- Born: 27 June 1960 (age 66) Wombourne, Staffordshire, England
- Education: St John's College, University of Cambridge
- Occupations: Conductor; Harpsichordist; Editor; Author;
- Criminal charge: Indecent assault
- Criminal penalty: Imprisonment for three years, nine months
- Criminal status: Released 2009
- Website: www.robertking.eu

= Robert King (conductor) =

British harpsichordist and composer (1960-)

Robert King (born 27 June 1960 in Wombourne) is an English conductor, harpsichordist, editor and author. His career has concentrated on period performance of classical music, in particular from the baroque and early modern periods. In 2007, he was convicted of indecent assault: in 2009, he resumed his musical career.

==Career==

As a youth, he was a member of the Choir of St John's College, Cambridge. He read music at St John's College, Cambridge and in 1980, while still a student, founded the period instrument orchestra The King's Consort.
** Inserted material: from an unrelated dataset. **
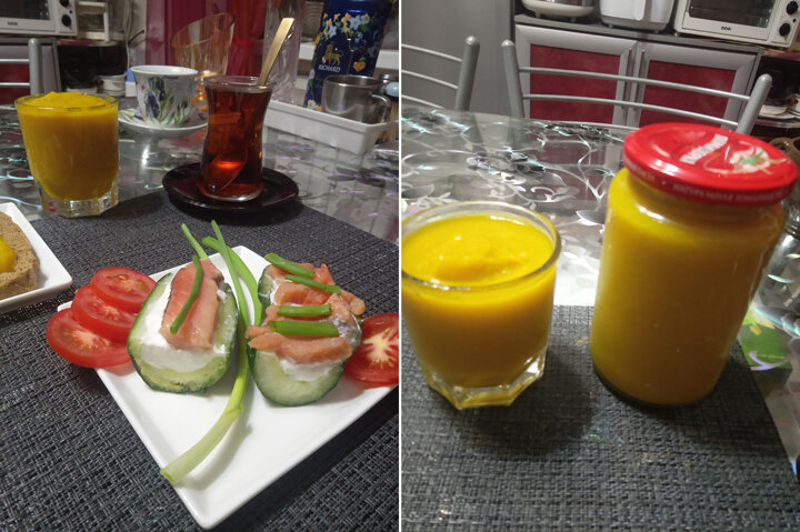 Я сегодня с хорошей новостью для тех, кто не может без сладкого. Теперь вы сможете пить чай с красивым, ароматным, вкусным и очень полезным джемом! Итак, сегодня на завтрак только полезные и красивые «вкусняшки»! ✓ «Самые ленивые» роллы! Берём один длинный свежий огурец. Разрезаем его пополам, вычищаем серединку с семенами - получаются «лодочки». И заполняем серединку творожным сыром или творогом, или сыром маскарпоне. Равняем края ножом, слегка подсаливаем, перчим, разрезаем на кусочки, и сверху выкладываем кусочки слабосолёной рыбки - форели, сёмги, селедки. И украшаем веточкой укропа и перышком зелёного лука. Красиво и вкусно! ✓ А к чаю - тыдым... Лимонный джем! Ох, какой вкус, какой аромат, какое послевкусие... Райское наслаждение! Готовится очень быстро, и съедается так же. Берём три свежих кабачка, моем. Чистить от кожицы не надо. Режем произвольно кубиком, укладываем в сотейник. Затем счищаем с двух крупных лимонов цедру и добавляем к кабачкам. Очищаем лимоны от белой кожуры и д

As conductor and artistic director of The King's Consort, King has made more than 100 recordings, mostly for Hyperion Records.

He has worked as a conductor with orchestras in Europe and North America, including the Seattle, Houston, New World, Oregon, Detroit, Atlanta, Minnesota, WDR and NDR Symphony Orchestras, the Bergen Philharmonic, the Munich Radio Orchestra, Zurich Chamber Orchestra, Danish National Radio Orchestra, Orchestre Philharmonique de Monte Carlo, the Orchestra della RAI Torino, Orchestra Sinfonica Giuseppe Verdi di Milano, the Orquesta Sinfónica de Tenerife, Orquesta Ciudad de Barcelona, Real Filharmonia de Galicia, Real Orquesta Sinfónica de Sevilla and the Orquesta e Coro Ciudad de Madrid. As a choral conductor, King has worked with the Nederlands Kamerkoor, Orfeo Catala, Orfeón Donostiarra, Swiss Radio Choir and the BBC Singers. Operatic work has included Handel Ottone in Japan and the UK, Handel Ezio in Paris, Purcell The Indian Queen in the UK and Germany, Purcell The Fairy Queen in Spain and Britain and Gluck Armide for Buxton Festival. He has written and presented for the BBC, been artistic director of music festivals in Sweden, Germany, and the UK, and contributed to the scores of a number of Hollywood films including Pirates of the Caribbean, Shrek 2, Flushed Away, and The Da Vinci Code.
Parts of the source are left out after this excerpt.